At the International Conference on the Humanitarian Impact of Nuclear Weapons, which took place in Vienna, Austria in December, the U.S. and the U.K., both participating for the first time, clearly stated their opposition to the effort to introduce a nuclear weapons convention, which had been mounted at a previous conference. The nuclear nations have openly put a stop to the effort led by non-nuclear nations to outlaw nuclear weapons. At the 2000 NPT review conference, 187 nations, including the nuclear nations, agreed to take “concrete steps for the total elimination of nuclear weapons.” This vow made 15 years ago must be renewed at the upcoming conference. Reliance on “nuclear umbrella”

There is no doubt that any effort to get the nuclear nations to the negotiating table to discuss a treaty banning the use of nuclear weapons will face substantial hurdles.

The role of Japan, both a victim of atomic bombings and an ally of the U.S., is now being called into question.

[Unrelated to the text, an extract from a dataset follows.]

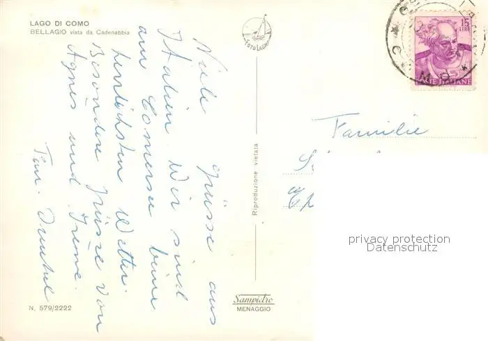 Bellagio_Lago_di_Como Panorama Cadenabbia Bellagio_Lago_di_Como postalisch gelaufen nach 1965 Erhaltung siehe scans [KathaD81] Kathoren

But the Japanese government continues to rely on the “nuclear umbrella” of the U.S. and to draw the line at outlawing nuclear weapons.

And in December, when asked about the prospects for this spring’s NPT review conference, Toshio Sano, the Japanese ambassador for disarmament, offered a pessimistic view saying that achieving success would be “very difficult.” His talking like this several months before the conference makes us wonder about his motivation.

Basic premise to return to

In November, Pope Francis criticized the failure to make progress on the abolition of nuclear weapons saying that “mankind has learned nothing” from the atomic bombings of Hiroshima and Nagasaki. The Japanese government in particular must think hard about this.

The accounts of the atomic bomb survivors have moved many people – their suffering and grief at their inability to save someone dear to them, their impassioned pleas to remember the preciousness of peace. But the efforts to pass on their pleas to the younger generation are not enough even in Hiroshima.

The basic premise that the human race cannot coexist with nuclear weapons must be conveyed to the next generation and disseminated to the world. This will serve as the basis for the movement that will make nuclear abolition a reality.